START SUPPLIED MATERIAL

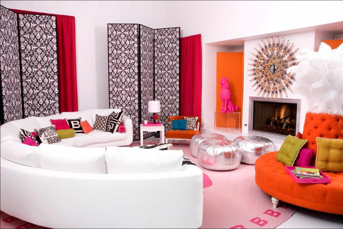 It is important to use a lot of pop style decor: unusual flower vases, lots of colorful pillows on sofas, and a maximum of lighting. At the same time, the more unique each detail is the better.
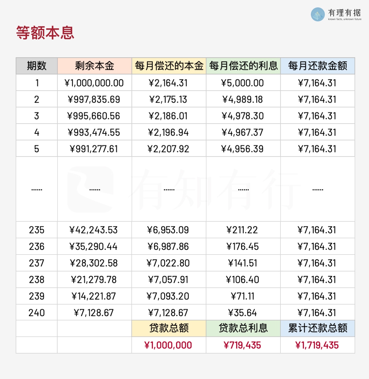 第一个月,小理欠银行 100 万,月利率为 6% / 12= 0.5%, 本月要还的利息为 100 万* 0.5% = 5000 元,本月要还的本金为 7164.31 - 5000= 2164.31 元。
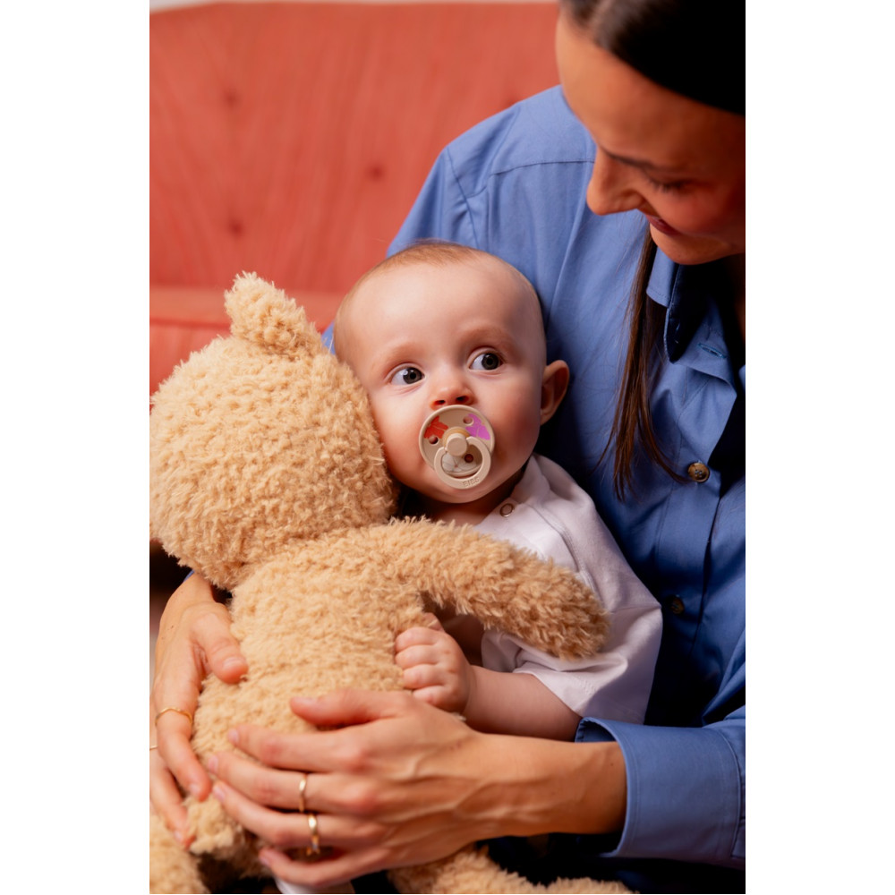 BIBS Colour is the original BIBS pacifier, which has been on the market for over 40 years. The anatomical nipple is designed as the perfect combination of a round and a symmetrical nipple. Round on top to support the natural sucking reflex and flat on the bottom for comfortable placement. The sucking technique does not require as much force as, for example, a round pacifier. The Colour pacifier features the signature BIBS round shield with three vents and a round handle ring with BIBS engraving. The shield is carefully designed to cover the sensitive and delicate skin around your baby's mouth to prevent moisture build-up. The shield comes in one size, regardless of nipple size.
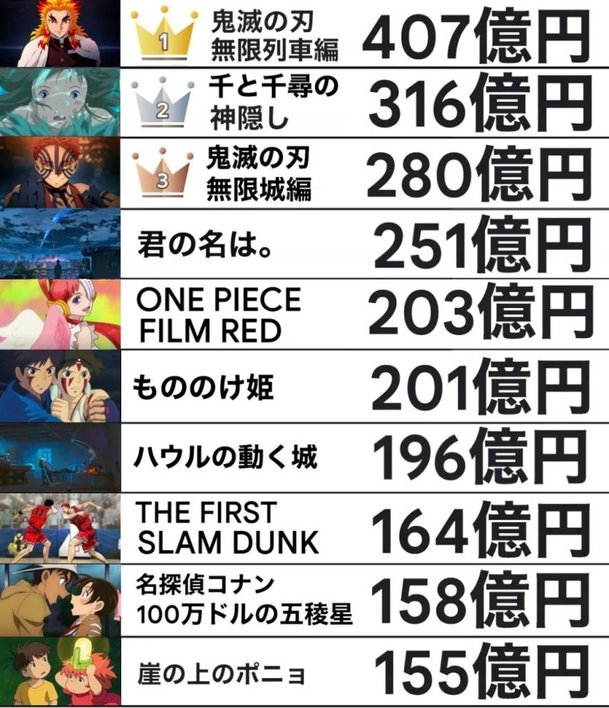 前面只剩下两座大山:宫崎骏的《千与千寻》(316.8亿),以及自家大哥《无限列车篇》(407.5亿)。
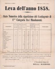 Leva dell'anno 1858 stato numerico della repartizione del contingente di 1ma categoria fra i Mandamenti
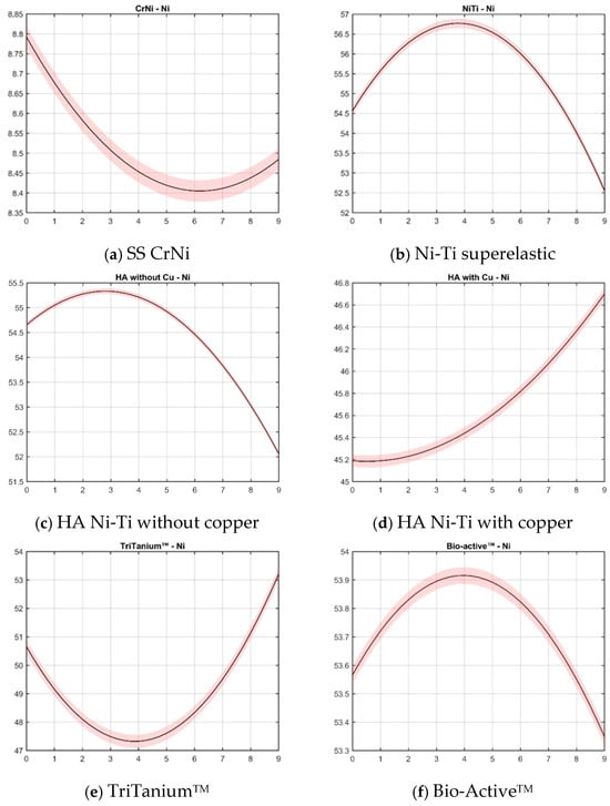 Cubic spline dynamics approximation of Ni content: (a) SS Cr Ni, (b) Ni-Ti superelastic, (c) HA Ni-Ti without copper, (d) HA Ni-Ti with copper, and (e,f) graded thermodynamic—TriTaniumTM and Bio-ActiveTM. The x-axis shows the weeks, and the y-axis shows the measured quantities after statistical analysis. The black curve shows the approximated NC dynamics. The error bars (statistical errors) are patched continuously around the black line. The curve shows the general tendency of Ni dynamics, approximated with smooth curves.
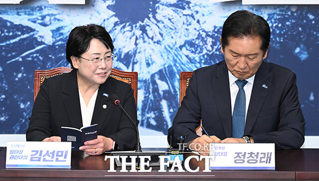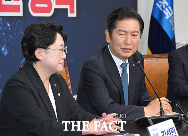 [더팩트ㅣ국회=박헌우 기자] 정청래 더불어민주당 신임 대표가 5일 오전 서울 여의도 국회에서 김선민 조국혁신당 대표 권한대행을 예방해 인사말을 하고 있다.
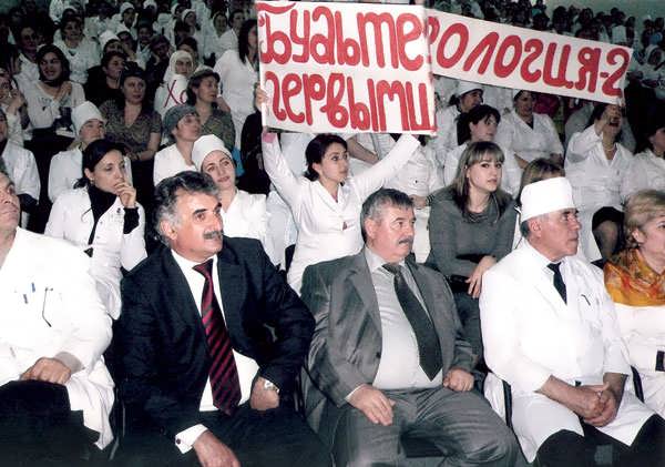 26 мая больница получила новую лицензию на пять лет. РКБ — это город в городе: 40 клинических отделений, 7 реанимационных, 1350 коек, 2,5 тысячи сотрудников. Он живет своей напряженной жизнью, по своему графику. И все нити, связывающие, будто артериями, этот городок с республикой, уверенно держит в своих руках главврач Абакаров. Его рабочий день начинается ранним утром. В половине восьмого он уже владеет всей информацией. К 9-ти — совещание. Четкая работа заместителей обеспечивает четкое принятие решений.
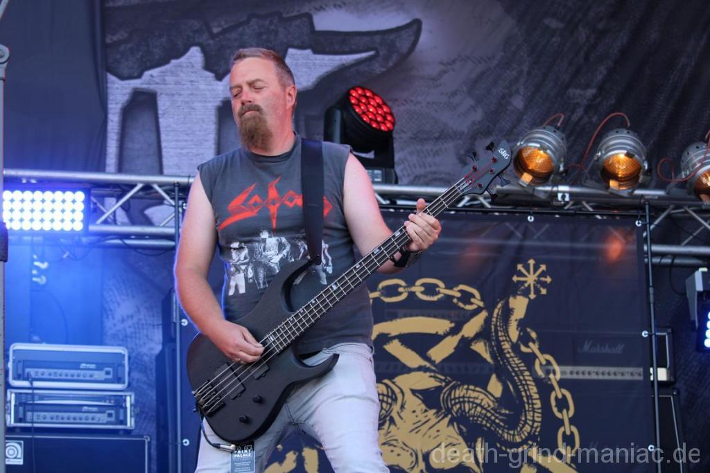 Der Samstag begann mit bärtigen Old School Death Metal. Slaughterday aus dem Norden kamen und weckten, nach Esmiralda, die letzten Schlafenden auf dem Platz! Souverän wussten sie wie man die Menge anheizen kann und muss! Immer wieder ein Vergnügen!
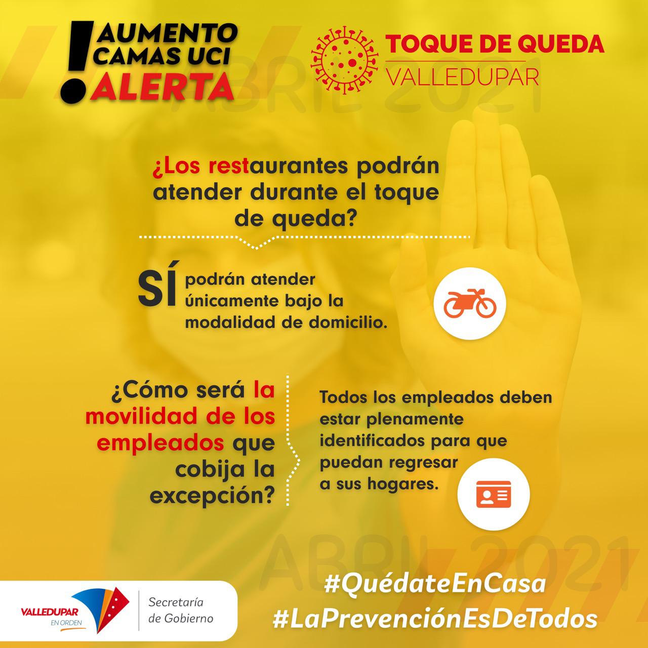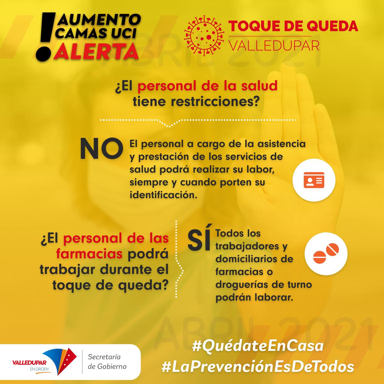 En coordinación con el Gobierno Nacional, Gobernación del Cesar y Alcaldía de Valledupar se decreta toque de queda desde hoy a las 6:00 p.m hasta el lunes 19 de abril a las 5:00 a.m. Se permitirá servicio de domicilios, vacunación contra COVID-19 y otras excepciones.

END SUPPLIED MATERIAL

* YOUR OBJECTIVE: In case the records contain pictures, keep those out and repeat the rest exactly.

* RESPONSE:
 It is important to use a lot of pop style decor: unusual flower vases, lots of colorful pillows on sofas, and a maximum of lighting. At the same time, the more unique each detail is the better.
 第一个月,小理欠银行 100 万,月利率为 6% / 12= 0.5%, 本月要还的利息为 100 万* 0.5% = 5000 元,本月要还的本金为 7164.31 - 5000= 2164.31 元。
 BIBS Colour is the original BIBS pacifier, which has been on the market for over 40 years. The anatomical nipple is designed as the perfect combination of a round and a symmetrical nipple. Round on top to support the natural sucking reflex and flat on the bottom for comfortable placement. The sucking technique does not require as much force as, for example, a round pacifier. The Colour pacifier features the signature BIBS round shield with three vents and a round handle ring with BIBS engraving. The shield is carefully designed to cover the sensitive and delicate skin around your baby's mouth to prevent moisture build-up. The shield comes in one size, regardless of nipple size.
 前面只剩下两座大山:宫崎骏的《千与千寻》(316.8亿),以及自家大哥《无限列车篇》(407.5亿)。
 Leva dell'anno 1858 stato numerico della repartizione del contingente di 1ma categoria fra i Mandamenti
 Cubic spline dynamics approximation of Ni content: (a) SS Cr Ni, (b) Ni-Ti superelastic, (c) HA Ni-Ti without copper, (d) HA Ni-Ti with copper, and (e,f) graded thermodynamic—TriTaniumTM and Bio-ActiveTM. The x-axis shows the weeks, and the y-axis shows the measured quantities after statistical analysis. The black curve shows the approximated NC dynamics. The error bars (statistical errors) are patched continuously around the black line. The curve shows the general tendency of Ni dynamics, approximated with smooth curves.
 [더팩트ㅣ국회=박헌우 기자] 정청래 더불어민주당 신임 대표가 5일 오전 서울 여의도 국회에서 김선민 조국혁신당 대표 권한대행을 예방해 인사말을 하고 있다.
 26 мая больница получила новую лицензию на пять лет. РКБ — это город в городе: 40 клинических отделений, 7 реанимационных, 1350 коек, 2,5 тысячи сотрудников. Он живет своей напряженной жизнью, по своему графику. И все нити, связывающие, будто артериями, этот городок с республикой, уверенно держит в своих руках главврач Абакаров. Его рабочий день начинается ранним утром. В половине восьмого он уже владеет всей информацией. К 9-ти — совещание. Четкая работа заместителей обеспечивает четкое принятие решений.
 Der Samstag begann mit bärtigen Old School Death Metal. Slaughterday aus dem Norden kamen und weckten, nach Esmiralda, die letzten Schlafenden auf dem Platz! Souverän wussten sie wie man die Menge anheizen kann und muss! Immer wieder ein Vergnügen!
 En coordinación con el Gobierno Nacional, Gobernación del Cesar y Alcaldía de Valledupar se decreta toque de queda desde hoy a las 6:00 p.m hasta el lunes 19 de abril a las 5:00 a.m. Se permitirá servicio de domicilios, vacunación contra COVID-19 y otras excepciones.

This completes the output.